_The data_
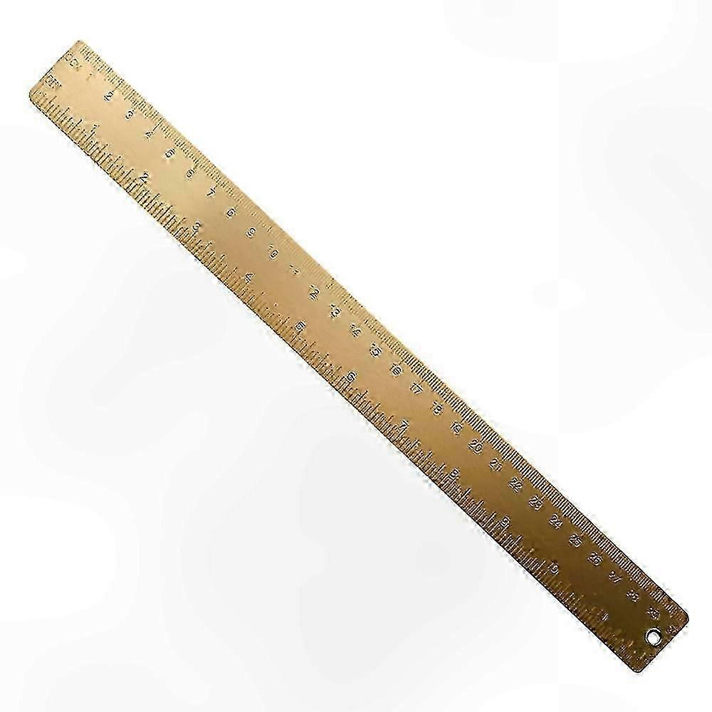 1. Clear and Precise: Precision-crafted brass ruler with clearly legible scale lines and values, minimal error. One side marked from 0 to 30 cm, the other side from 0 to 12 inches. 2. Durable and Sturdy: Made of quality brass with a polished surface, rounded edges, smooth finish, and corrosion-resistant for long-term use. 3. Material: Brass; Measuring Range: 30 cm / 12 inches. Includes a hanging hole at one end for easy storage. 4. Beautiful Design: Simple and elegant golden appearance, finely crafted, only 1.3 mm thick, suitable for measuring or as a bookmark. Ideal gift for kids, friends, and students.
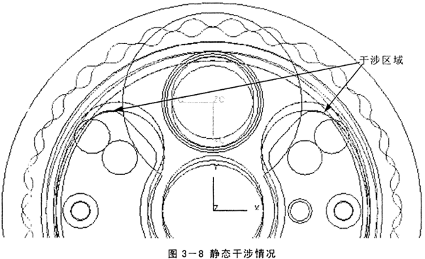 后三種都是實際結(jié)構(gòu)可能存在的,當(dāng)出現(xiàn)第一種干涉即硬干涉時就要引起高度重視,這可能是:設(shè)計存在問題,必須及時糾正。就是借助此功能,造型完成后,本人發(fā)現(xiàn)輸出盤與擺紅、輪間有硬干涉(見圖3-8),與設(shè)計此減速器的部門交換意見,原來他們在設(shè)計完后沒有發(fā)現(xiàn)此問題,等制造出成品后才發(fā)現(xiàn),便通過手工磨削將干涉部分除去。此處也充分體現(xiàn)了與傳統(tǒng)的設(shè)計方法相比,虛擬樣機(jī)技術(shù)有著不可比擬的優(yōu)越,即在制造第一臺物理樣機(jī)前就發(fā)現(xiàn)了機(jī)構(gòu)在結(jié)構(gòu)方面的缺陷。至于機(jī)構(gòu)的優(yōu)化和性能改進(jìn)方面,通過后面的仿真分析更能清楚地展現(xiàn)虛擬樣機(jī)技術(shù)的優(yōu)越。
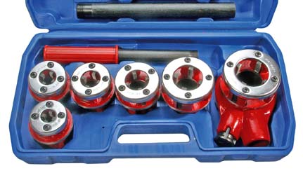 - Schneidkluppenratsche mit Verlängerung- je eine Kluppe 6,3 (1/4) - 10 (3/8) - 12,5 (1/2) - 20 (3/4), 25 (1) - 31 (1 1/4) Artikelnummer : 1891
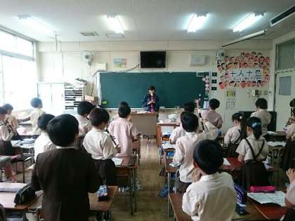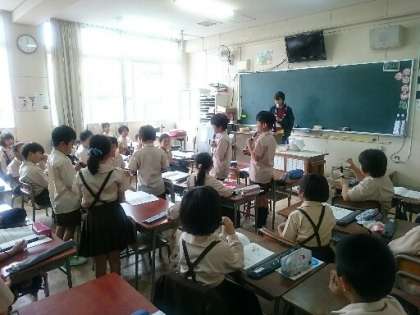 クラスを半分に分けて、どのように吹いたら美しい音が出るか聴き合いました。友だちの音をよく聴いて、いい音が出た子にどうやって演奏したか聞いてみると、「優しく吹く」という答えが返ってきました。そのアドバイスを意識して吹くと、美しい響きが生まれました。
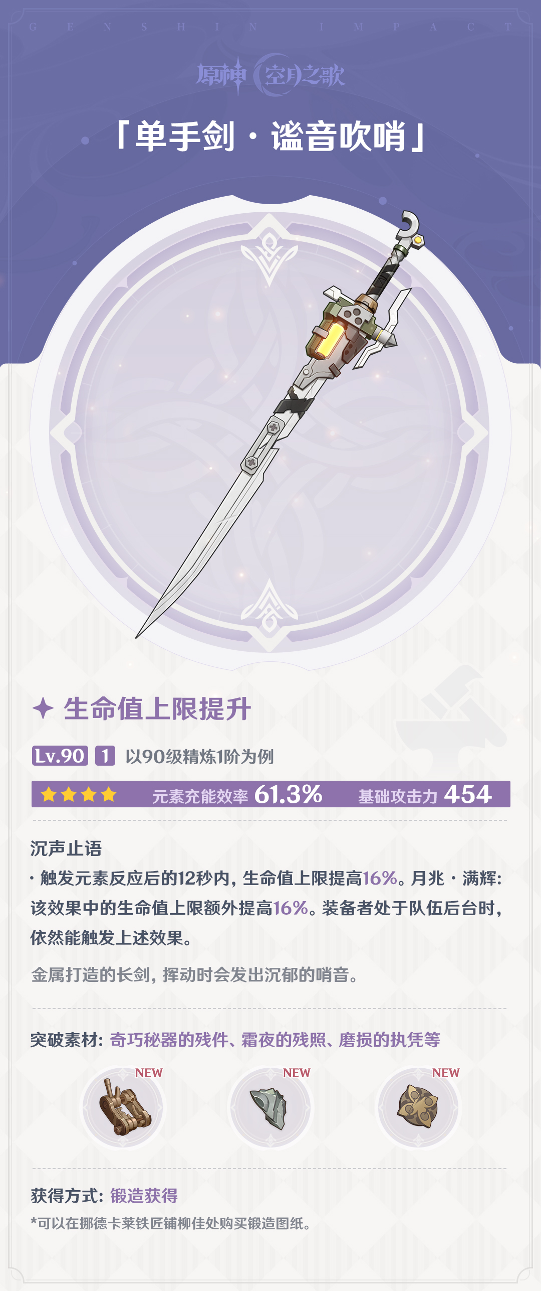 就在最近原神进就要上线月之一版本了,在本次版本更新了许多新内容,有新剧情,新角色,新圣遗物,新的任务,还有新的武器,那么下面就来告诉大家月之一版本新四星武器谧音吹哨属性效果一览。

_Assignment_
Please reproduce exactly and only the lines from the first line of the records through the line containing "后三種都是實際結(jié)構", both included, omitting any pictures.

_Answer box_
 1. Clear and Precise: Precision-crafted brass ruler with clearly legible scale lines and values, minimal error. One side marked from 0 to 30 cm, the other side from 0 to 12 inches. 2. Durable and Sturdy: Made of quality brass with a polished surface, rounded edges, smooth finish, and corrosion-resistant for long-term use. 3. Material: Brass; Measuring Range: 30 cm / 12 inches. Includes a hanging hole at one end for easy storage. 4. Beautiful Design: Simple and elegant golden appearance, finely crafted, only 1.3 mm thick, suitable for measuring or as a bookmark. Ideal gift for kids, friends, and students.
 后三種都是實際結(jié)構(gòu)可能存在的,當(dāng)出現(xiàn)第一種干涉即硬干涉時就要引起高度重視,這可能是:設(shè)計存在問題,必須及時糾正。就是借助此功能,造型完成后,本人發(fā)現(xiàn)輸出盤與擺紅、輪間有硬干涉(見圖3-8),與設(shè)計此減速器的部門交換意見,原來他們在設(shè)計完后沒有發(fā)現(xiàn)此問題,等制造出成品后才發(fā)現(xiàn),便通過手工磨削將干涉部分除去。此處也充分體現(xiàn)了與傳統(tǒng)的設(shè)計方法相比,虛擬樣機(jī)技術(shù)有著不可比擬的優(yōu)越,即在制造第一臺物理樣機(jī)前就發(fā)現(xiàn)了機(jī)構(gòu)在結(jié)構(gòu)方面的缺陷。至于機(jī)構(gòu)的優(yōu)化和性能改進(jìn)方面,通過后面的仿真分析更能清楚地展現(xiàn)虛擬樣機(jī)技術(shù)的優(yōu)越。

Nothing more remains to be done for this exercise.